Bi-temporal data modelling or filtering or fast-forwarding and rewinding in 2 time dimensions: Validity and acquisition time
It is not uncommon to want to historicise the data in an application by creating a new line instead of simply overwriting the corresponding line when a change is made. As a rule, the application should then simply display the current status. Sometimes, however, the user wants to see the data as it was at a point in time in the past or as it will be in the future. This places special demands on the data modelling in the database and also on the programming of the application.
If data is to be historicised, 2 temporal aspects come into play: Firstly, the validity of the data.
Example: Change of address. A person moves house and informs their bank in advance of their new address, valid from the first day of the month in two months' time. Ideally, the bank records the new address with the valid-from date, but keeps the previous address. Correspondence will be sent to the old address until the new expiry date is reached. From then on, correspondence is sent to the new address. The application should then either show the data that is valid on a set date - usually today - or show an overview with the history of the data with regard to its validity. In the first case, the user can set the desired valid-per-date in the application from the present to the past or the future and then see the data filtered accordingly.
The second temporal aspect is the time of recording. The aim is to record who entered which change and when - for the same validity date. This is therefore also referred to as the audit time dimension. Here too, the application generally shows the current data, but allows you to list the changes made for a specific validity full stop if required. For example, the house number in an address valid as of 1 November was subsequently corrected. It should then be possible to see what the address looked like before and after (always valid as of 1 November) and who entered the data and when.
So how do you implement this? If you only want to historicise one of the two temporal aspects, this is less difficult. If, for example, you only want to write away data corrections with their time of entry, this is implemented in the database with a so-called trigger for changes and deletions in the corresponding tables. The trigger intercepts any such changes and writes the row with the previously existing data values to a shadow or journal table in addition to the desired action. In addition to the table with the current values, there is also a journal table with historical values in the database. The following example uses a person table with date of birth and customer category:
This approach has the advantage that the actual table is not enlarged by historical entries and the application does not always have to filter these out - as long as you only want to see the current values, which is usually the case.
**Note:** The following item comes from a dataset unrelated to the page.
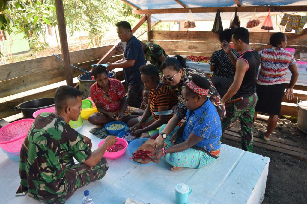 “Bapak-bapak TNI sudah banting tulang bekerja untuk membangun jalan dan rumah dikampung ini dengan susah payah. Kami ibu-ibu disini tidak mahu melihat fokus terpecah karena masalah makanannya. Hal itu yang membuat kami para ibu-ibu harus merelakan waktu kosong kami untuk menyiapkan makanan dan minuman bagi para prajurit yang sedang bekerja.” Ujas salah satu warga Ibu Esti Sayori

On the other hand, if you only want to record the other time dimension - that of validity - you can simply introduce a further table column with the valid-from date and possibly a valid-to date. A person table then contains one to several entries for different persons with different validity periods for changing customer categories (bronze, silver, gold), which are adjusted according to turnover.
The application then displays either all personal entries or only those valid as of today. It is also able to display the entries valid at a different - selectable - point in time. Filtering to a specific point in time is carried out either by the application or by the database, as the application always accesses the corresponding table via a view. The view filters the table entries and only shows the entries valid for the selected time. The application must be able to tell the database which validity date it should work with. This is usually recorded in a so-called session variable in the database and applied in the views each time the application accesses data. However, we have ignored one difficulty, namely that in relational data modelling, entries in one table refer to entries in another table via so-called foreign keys: Person 1 has the address 28.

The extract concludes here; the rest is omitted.